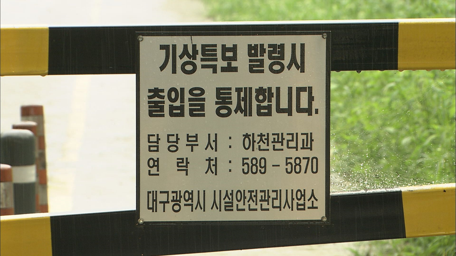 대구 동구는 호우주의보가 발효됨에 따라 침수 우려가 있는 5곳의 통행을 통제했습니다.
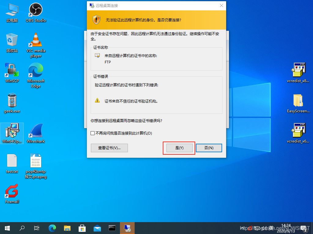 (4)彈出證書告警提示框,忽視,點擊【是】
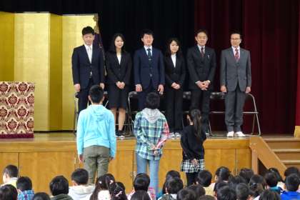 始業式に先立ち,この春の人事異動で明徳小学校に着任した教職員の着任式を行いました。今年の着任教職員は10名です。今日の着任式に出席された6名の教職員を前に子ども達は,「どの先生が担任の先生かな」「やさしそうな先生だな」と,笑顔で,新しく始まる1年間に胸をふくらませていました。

━━━━━━━━

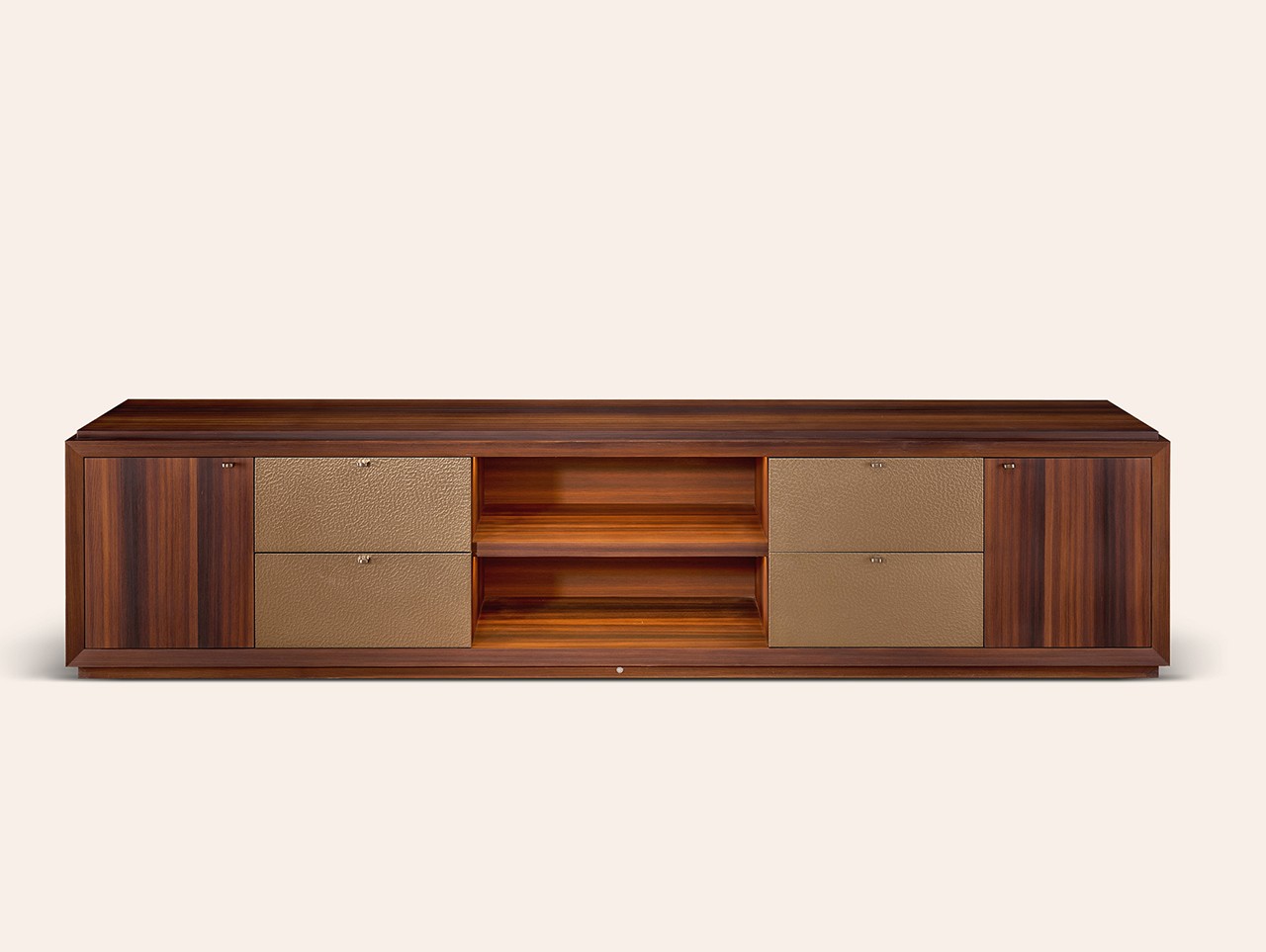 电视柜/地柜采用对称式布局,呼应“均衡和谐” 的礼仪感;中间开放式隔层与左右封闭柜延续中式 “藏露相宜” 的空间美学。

━━━━━━━━

| Exercise instructions |
Word for word, retype the lines in the entries above that run from the one with "대구 동구는 호우주의보가" through the one with "始業式に先立ち,この春の人事". Both ends count; pictures do not.

| Response |
 대구 동구는 호우주의보가 발효됨에 따라 침수 우려가 있는 5곳의 통행을 통제했습니다.
 (4)彈出證書告警提示框,忽視,點擊【是】
 始業式に先立ち,この春の人事異動で明徳小学校に着任した教職員の着任式を行いました。今年の着任教職員は10名です。今日の着任式に出席された6名の教職員を前に子ども達は,「どの先生が担任の先生かな」「やさしそうな先生だな」と,笑顔で,新しく始まる1年間に胸をふくらませていました。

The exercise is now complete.